BEGIN RECORDS SUPPLIED
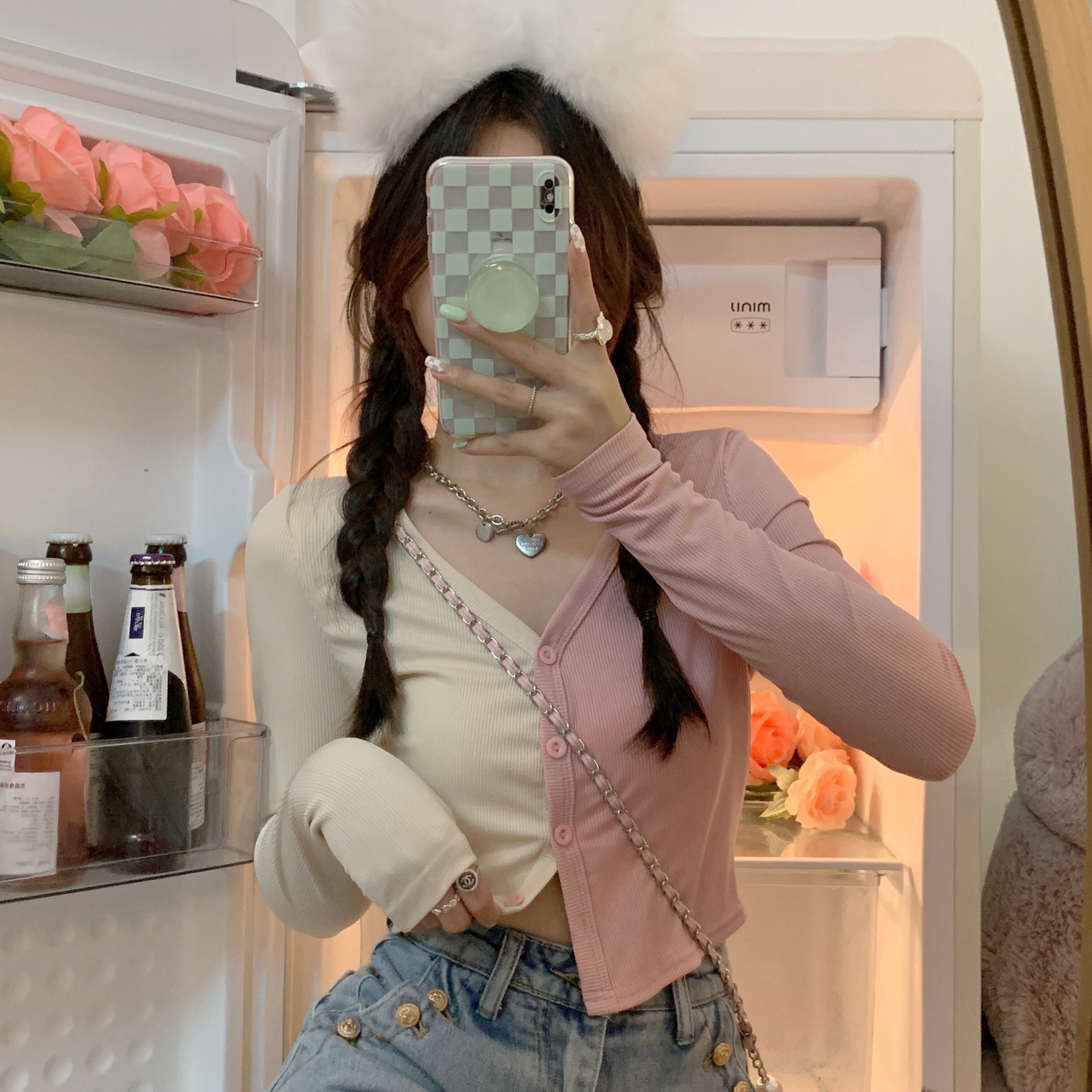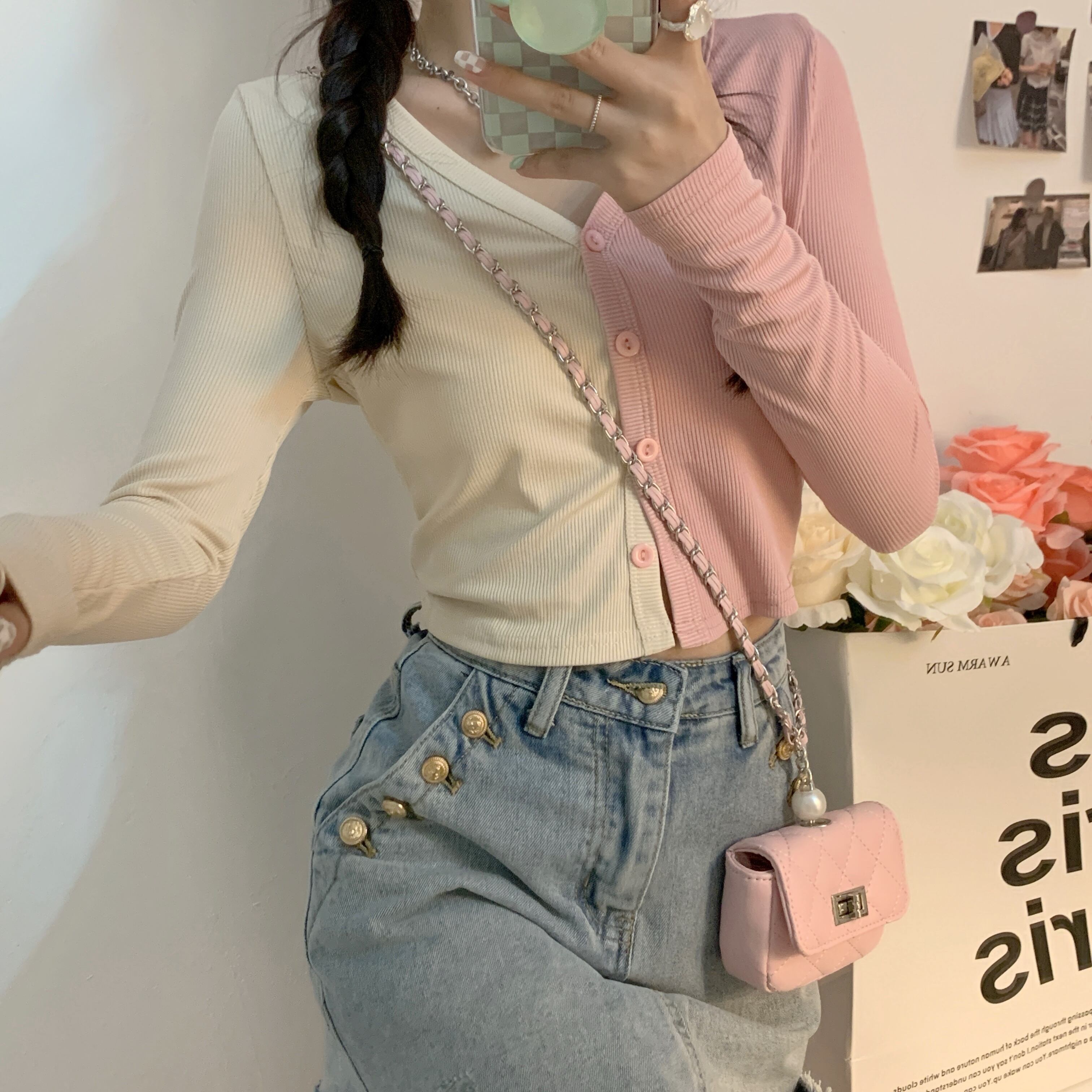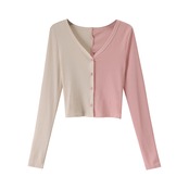 カラーVネックニットカーディガン夏服ショートトップス ハイウェストウェストパンツ 夏物 ウエスト コーデ Marchs57756184251
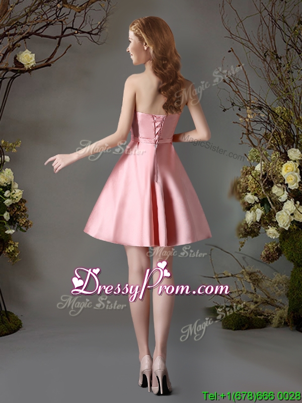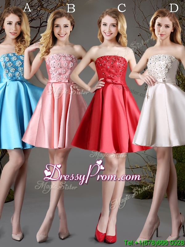 Neckline : StraplessShown Color : Pink Sleeve Length : sleevelessHemline : mini lengthBack Detail : Lace upFabric : SatinEmbellishment : Appliques,BowknotOccasion : Prom,Party,Cocktail,Homecoming,GraduationSeason : Spring,Summer,Fall
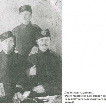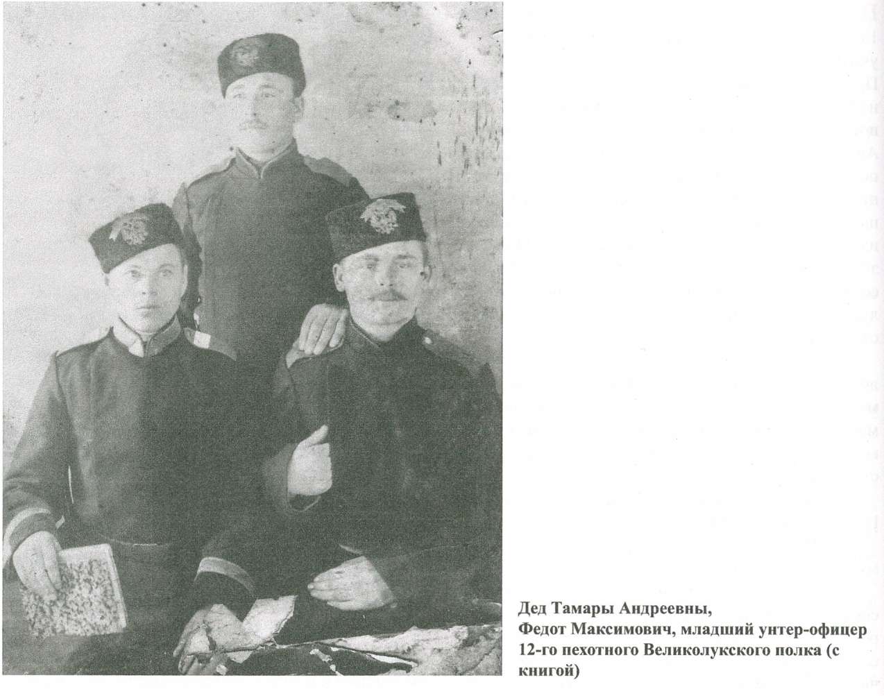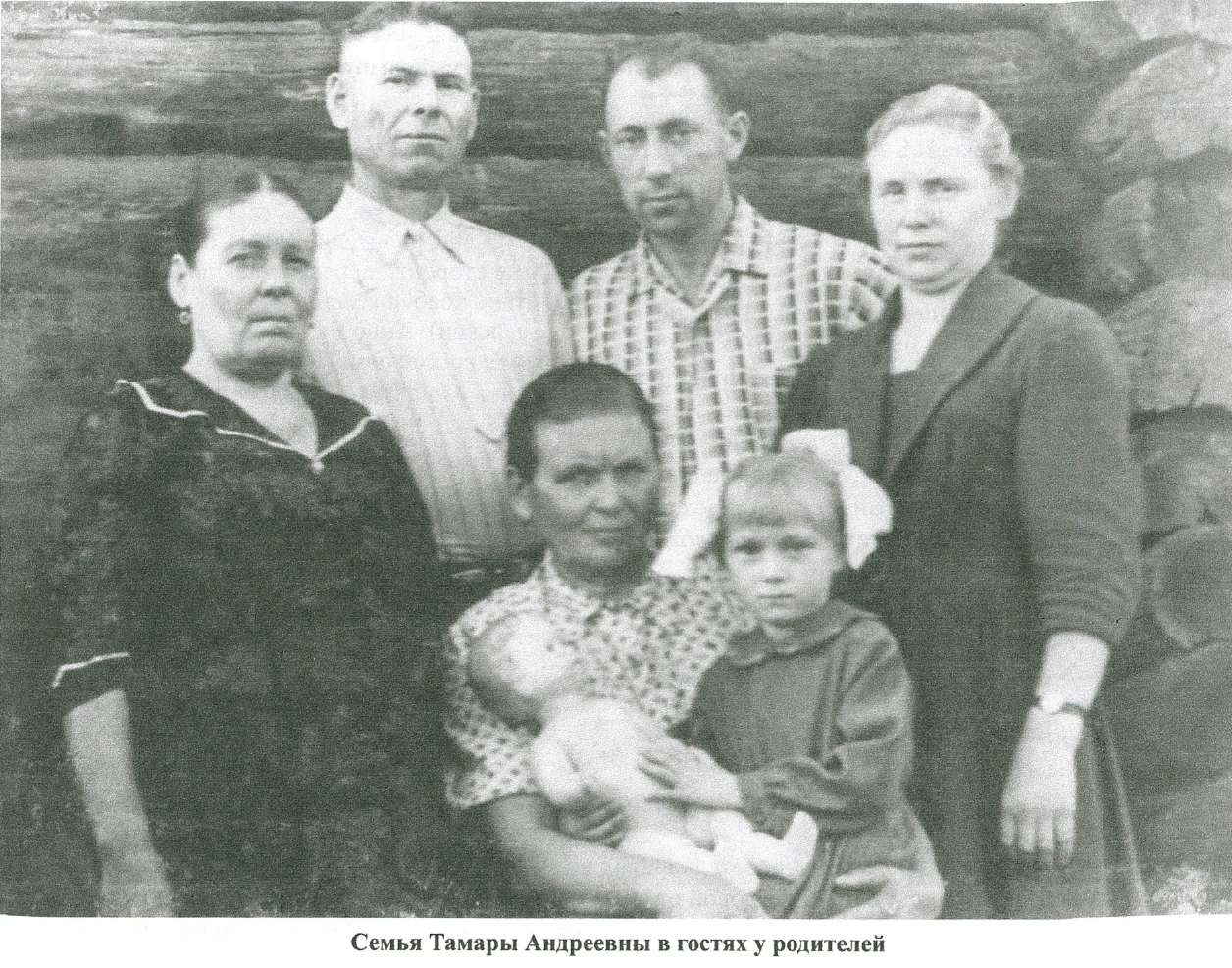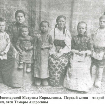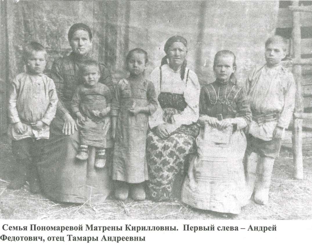 Отец Тамары Андреевны – Пономарев Андрей Федотович 1909 года рождения. Родители Андрея Федотовича: бабушка Тамары Андреевны – Поно­марева Матрена Корниловна родилась 24.03.1875 года, дедушка – Пономарев Федот Максимович, младший унтер-офицер 12 пехотного Великолукского полка, родился в 1876 году, служил в царской армии, относится к династии Пономаревых. (2). В семье родилось пятеро детей. Старший Федор по­гиб молодым под колесами поезда на станции Егор­шино. Мария жила в Киргизии, Александра в рабо­чем поселке на станции Егоршино.
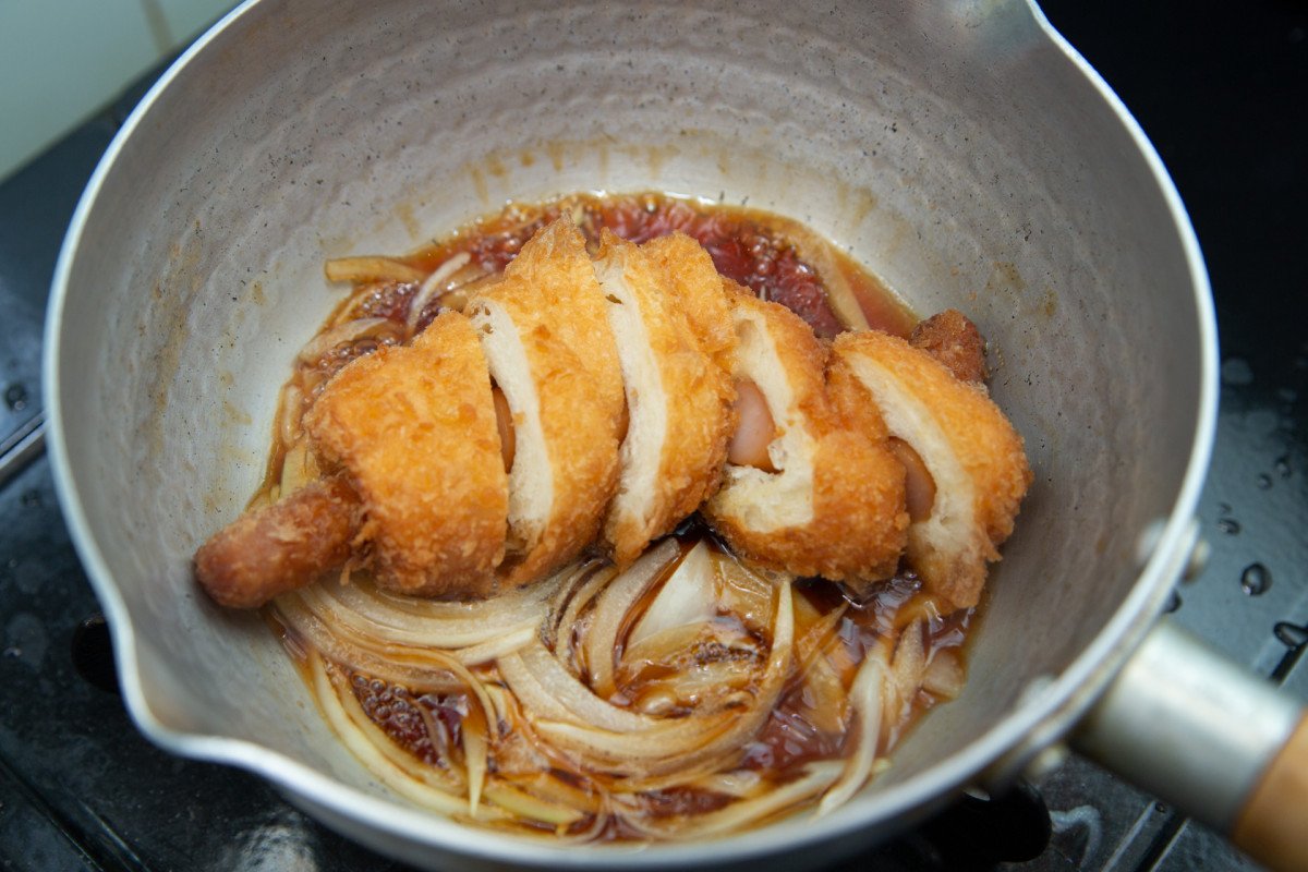 薄めたタレに玉ねぎ、そしてカツ。
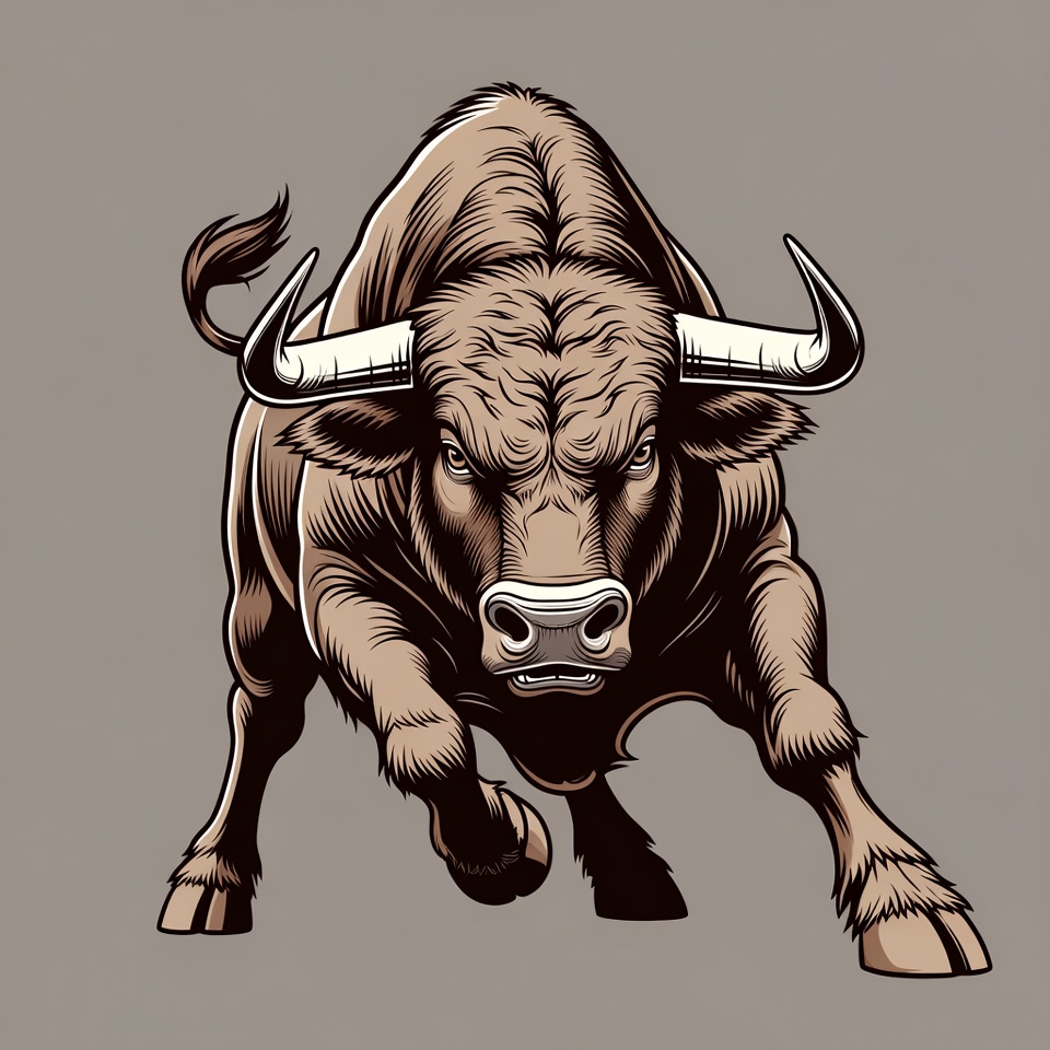 A detailed vector illustration of a powerful brown bull charging forward on a gray background. The bull has large curved horns, muscular body, and aggressive posture with front hooves raised. Its fur is textured with dynamic shading in a hand-drawn style.
END RECORDS SUPPLIED
WHAT YOU NEED TO DO
Give the complete material again, exactly as written. Do not include the pictures.

SOLUTION BELOW
 カラーVネックニットカーディガン夏服ショートトップス ハイウェストウェストパンツ 夏物 ウエスト コーデ Marchs57756184251
 Neckline : StraplessShown Color : Pink Sleeve Length : sleevelessHemline : mini lengthBack Detail : Lace upFabric : SatinEmbellishment : Appliques,BowknotOccasion : Prom,Party,Cocktail,Homecoming,GraduationSeason : Spring,Summer,Fall
 Отец Тамары Андреевны – Пономарев Андрей Федотович 1909 года рождения. Родители Андрея Федотовича: бабушка Тамары Андреевны – Поно­марева Матрена Корниловна родилась 24.03.1875 года, дедушка – Пономарев Федот Максимович, младший унтер-офицер 12 пехотного Великолукского полка, родился в 1876 году, служил в царской армии, относится к династии Пономаревых. (2). В семье родилось пятеро детей. Старший Федор по­гиб молодым под колесами поезда на станции Егор­шино. Мария жила в Киргизии, Александра в рабо­чем поселке на станции Егоршино.
 薄めたタレに玉ねぎ、そしてカツ。
 A detailed vector illustration of a powerful brown bull charging forward on a gray background. The bull has large curved horns, muscular body, and aggressive posture with front hooves raised. Its fur is textured with dynamic shading in a hand-drawn style.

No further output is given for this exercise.